The Performer/Entreprenuer

Since the early days of European opera, there have always been star performers.  Even though there were star singers, there were many more singers that were highly respected in their own communities and enjoyed life-long careers. One of the best examples of a classical musician who fit this description was Bach.  Bach was a famous organist and composer in the early 18th century. He made his living playing for various cathedrals, composing works for church services, and teaching on the side.  Bach is now a household name amongst musicians; Bach is famous.  However, he never toured extensively, he stayed where his primary gig was and if you wanted to hear his work, you had to go to him.

When the performing arts scene was growing in the United States in the 19th century, there were not enough home-grown artists to draw sizable crowds.  Wealthy business owners and aristocrats began arranging for star singers from Europe to come to the states and tour in productions and/or concerts.  The American performers’ idea of success was greatly influenced by these touring artists. Aspiring performers began to see success as equal to fame. But I don’t think that is necessarily true; I think we have all been brainwashed by the industry.  I believe that success is defined as being respected within a community for what you do. That community may be a metropolitan area or a small town, it may be a school in which you teach, it could be the church community in where you lead worship, or perhaps its an entire state and the theatres that you perform in. There is no reason you cannot be a respected and successful musician without being world famous, and it doesn’t mean you have to live like a pauper.  In fact, you can make a nice living.
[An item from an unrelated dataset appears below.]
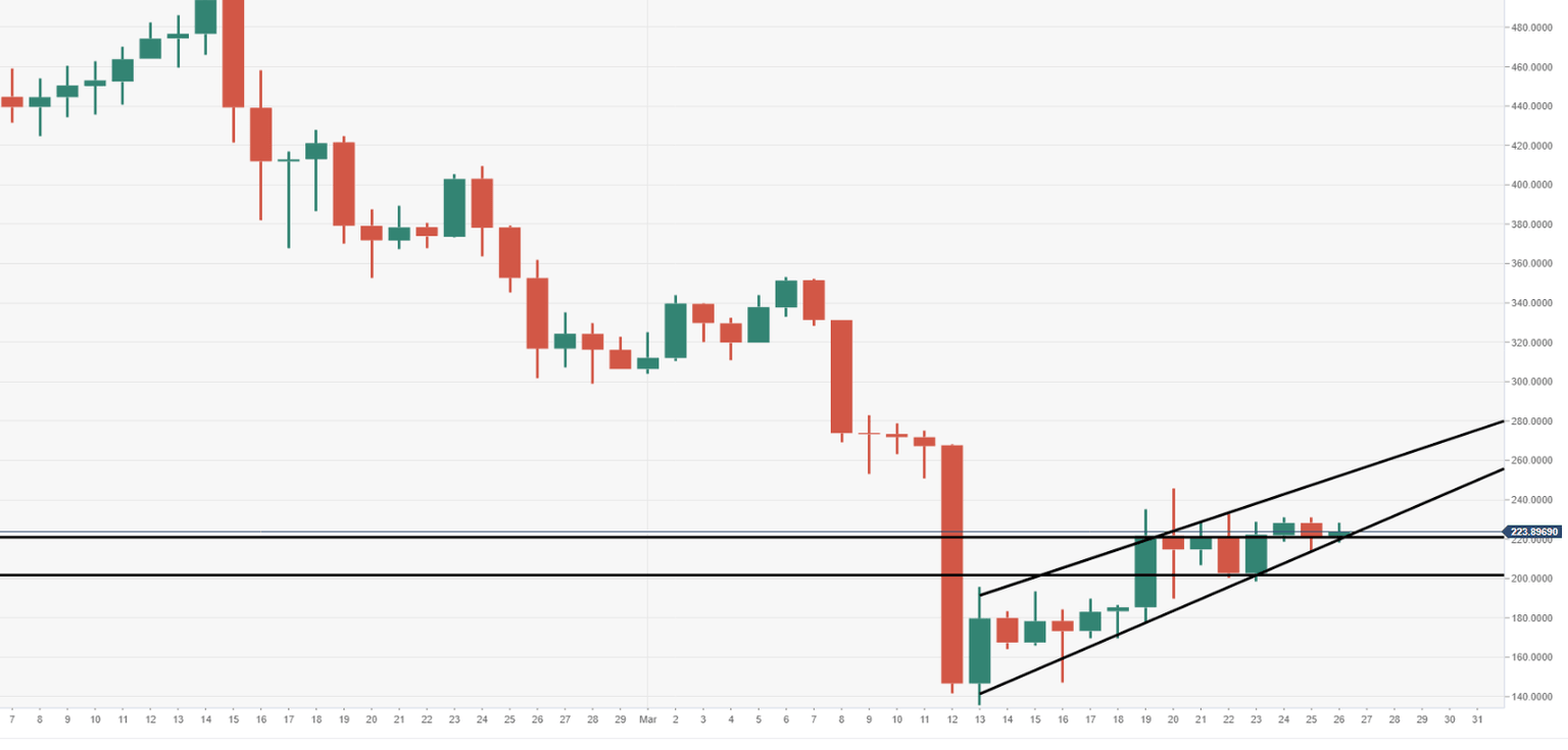 - There is still much supply within the region of $225-50 that the bulls will need to break down.
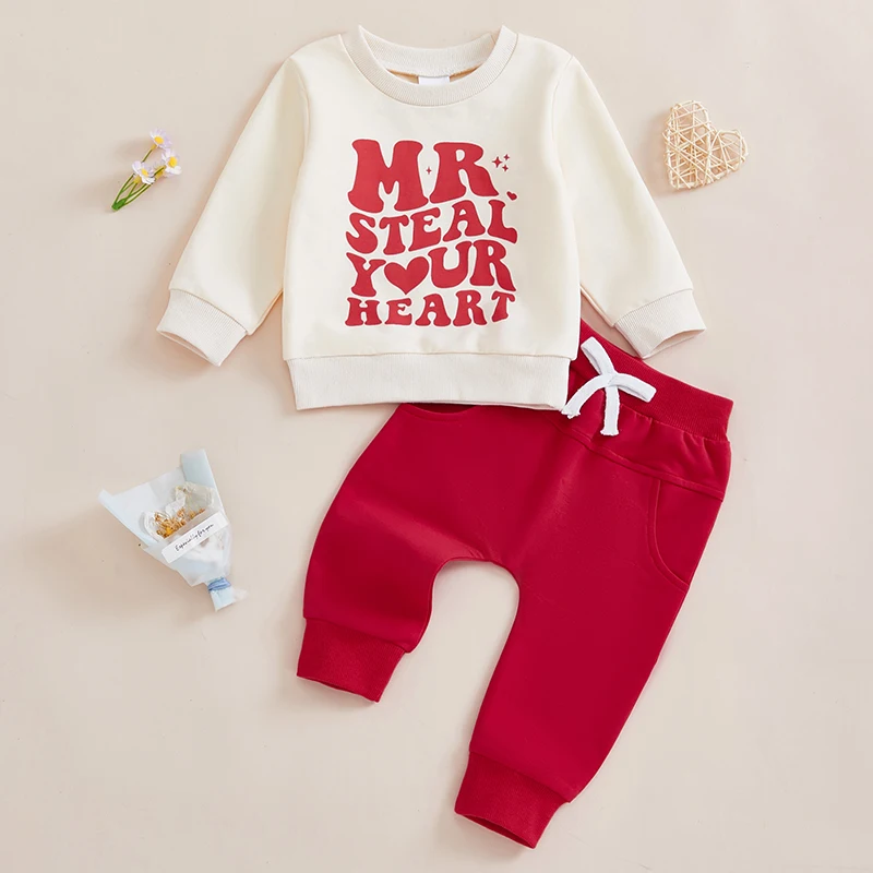 Baby Boy Valentines Outfit Letter Print Long Sleeve Sweatshirt and Elastic Pants 2 Piece Clothes for Toddler

Let’s take a look at a possible scenario.  Let’s say you decide to start your own business in a large town where there are plenty of opportunities for singers and musicians.
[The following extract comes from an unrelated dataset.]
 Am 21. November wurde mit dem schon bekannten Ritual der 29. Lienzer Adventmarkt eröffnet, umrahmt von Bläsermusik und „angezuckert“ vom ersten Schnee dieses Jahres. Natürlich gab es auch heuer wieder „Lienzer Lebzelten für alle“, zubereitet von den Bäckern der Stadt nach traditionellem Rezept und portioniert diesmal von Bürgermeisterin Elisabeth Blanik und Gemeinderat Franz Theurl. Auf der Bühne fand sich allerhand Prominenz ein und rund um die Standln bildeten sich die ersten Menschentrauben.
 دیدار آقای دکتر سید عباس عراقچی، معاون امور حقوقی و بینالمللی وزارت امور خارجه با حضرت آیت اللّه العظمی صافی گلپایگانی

  • You teach twenty hours each week at $50 per hour (a combination of half-hours and hour long lessons). If you play piano, guitar, or another instrument, these lessons will probably include a combination of voice and whatever other instrument(s) you can teach. Don’t be scared to teach piano to children just because you are not a concert pianist.  If you can teach a child to read music and play from the first few piano books of any published series, you will easily be able to offer lessons to those clients. =$1,000 per week
  • On the weekends, you pick up a gig singing at a local church. = $100 per week
  • One night a week, you perform at a local venue. =$100 per week.
  • Finally, if you learn to use basic multi-track recording software, you can record simple demos and audition recordings for local singers.  You could easily learn to do this with books and resources that are readily available online.  With a small investment, you could also purchase the equipment necessary to record local band, orchestra, and choir concerts at area schools and then sell copies to the students’ parents and relatives. You could probably eventually book at least four hours each week at $40 an hour. = $160 per week.
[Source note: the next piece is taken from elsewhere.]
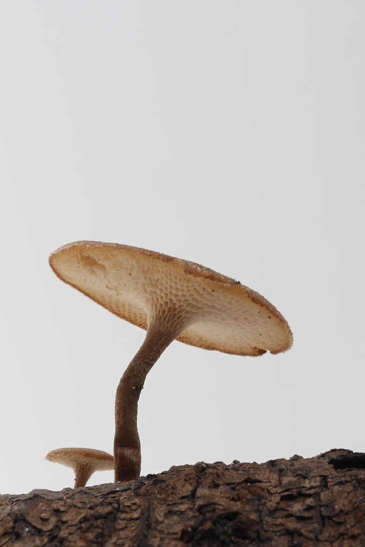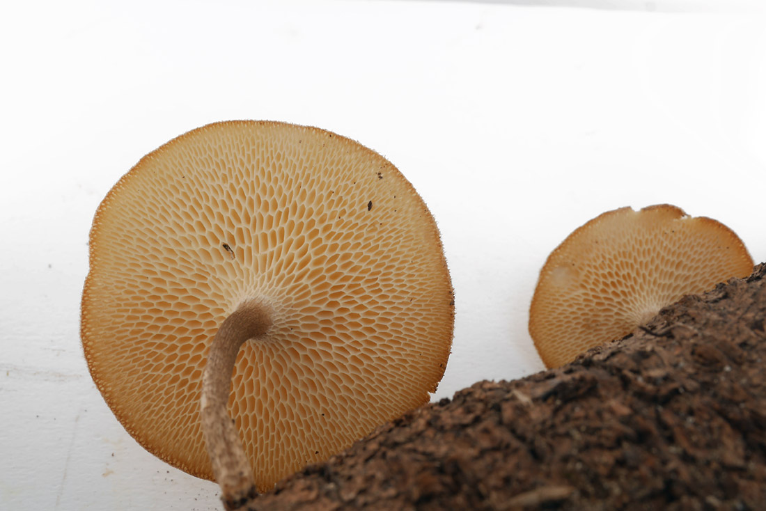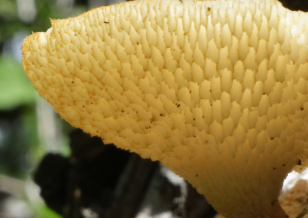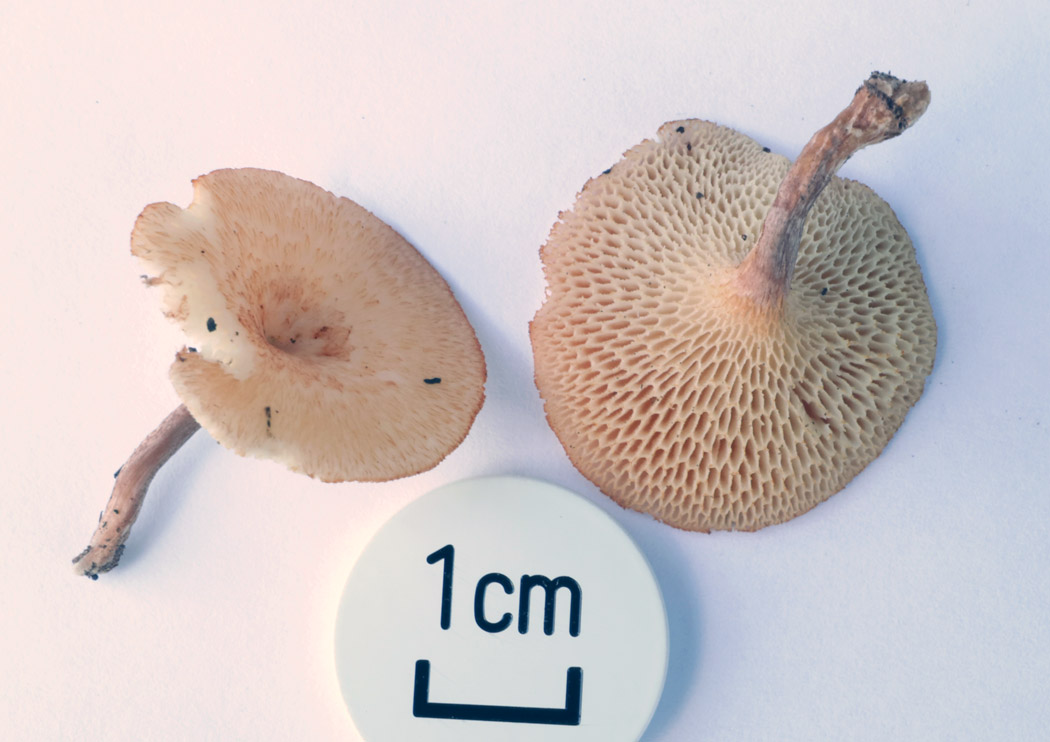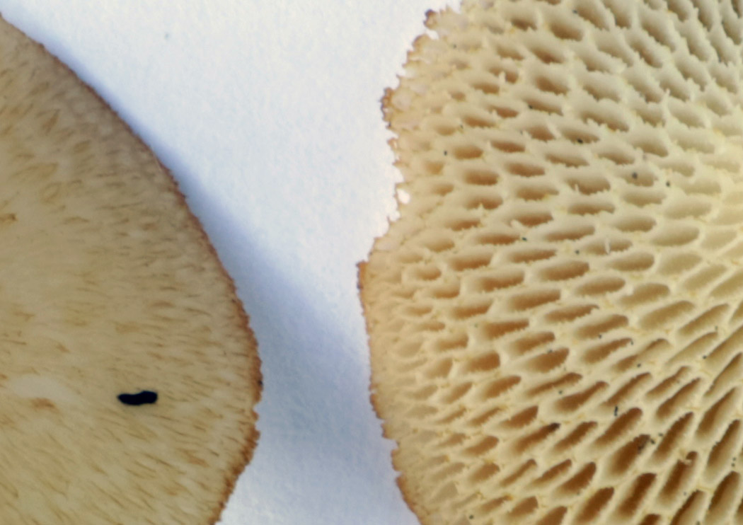 白−淡黄白色 深さ1〜2o 孔口は放射状にのびた楕円形 孔口の大きさ1〜0.5o 柄に垂生

While this may not be the big glamorous career that most young singers dream of, it is nothing to sneer at.  If you combine the weekly income from above over the course of 42 weeks, you could be earning $57,120 per year with 10 weeks of vacation.  If you worked 48 weeks a year, you could be looking at an income of  $65,280.  Eventually you could rent a retail space, hire other musicians, yoga instructors, and dance instructors to teach under your management and easily earn over $100,000 a year! After a Broadway performer has paid his/her agent 10%, they are looking at $1,578 per week unless they are a star. Your salary as an entrepreneur would be comparable. Considering that you will probably be living in a town that is much cheaper than NYC, you may enjoy a higher standard of living than if you lived in New York.

The moral of the story is to not let your ego get in the way of your life-long success in the performing arts.  If the stress of performing begins to take the fun out of life, don’t be ashamed to consider an alternative definition of success.  You may end up earning a better living and having more fun in the long run.